Unicode makes life easy!

Every now and then, the complaint is raised: "Unicode is hard!". My usual first response is that it's not Unicode that's hard, but human language; for instance, it's not Unicode's fault that:
* English is written left-to-right, Hebrew is written right-to-left, and you sometimes need to put both on the one line, like when you explain the name of PHP's scope resolution operator (Paamayim Nekudotayim, פעמיים נקודתיים‎, "double dot doubled");
* Some languages use some diacritical marks, others use different ones, so there are literally dozens of different marks that could be applied to letters; and each mark could be applied to any of quite a few letters;
* Not all letters in all languages have upper-case and lower-case forms, and in some cases, a single upper-case letter becomes multiple lower-case letters;
* And plenty more besides.

What Unicode does, of course, is bring a lot of these issues to the surface. A programmer who thought that "plain text" could fit inside ASCII, and now has to deal with all of this, will often tend to blame Unicode. But the truth is that Unicode actually makes so much of this easy - partly because you can push most of the work down to a lower-level library, and partly because of some excellent design decisions. Here's a little challenge for you: Make a way to transcribe text in any Latin script, with any diacriticals, using a simple US English keyboard layout. You'll need to devise a system for transforming an easy-to-type notation into all the different adorned characters you'd need to support. Your options: Use Unicode, or use eight-bit character sets from ISO-8859.

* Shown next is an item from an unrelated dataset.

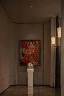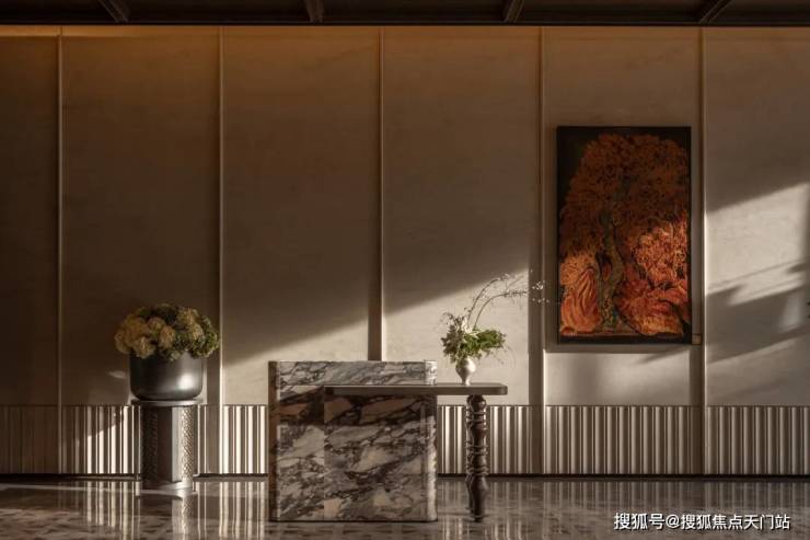 从首席制的设计操刀,六重归家的尊崇、堪称“石材博物馆”的公区立面,到四层悬浮式下沉庭院,手工定制的艺术品,甚至连社区的灯光与会所花艺都由名师执掌。

Here's how I did it with Unicode - specifically, in Pike, using GTK2 for my UI. First, translate a number of two-character sequences into the codepoints for combining characters; then perform a Unicode NFC normalization. And the second step is optional, done only because certain editors have buggy handling of combining characters (SciTE allows the cursor to get between them!), so really, the entire translation code consists of a handful of straight-forward translations - in my case, seven of them to cover all the combining marks that I need, plus four more for inverted question mark and exclamation mark, and the vowels not found on a US English keyboard (æ and ø); so there are a total of eleven transformations done.

To do the same thing with ISO-8859 character sets would require: First, figure out which character set to use, and then enable only a subset of transformations. Then, have full translation tables including every letter-diacritical combination supported, and make sure you have them all correct. There'll be hundreds of transformation entries, and you'd need to redo them for every single character set; with Unicode, supporting a new language is simply a matter of seeing what's missing, and adding that.

Unicode made my code smaller AND more functional than ISO-8859 ever could. Unicode is awesome.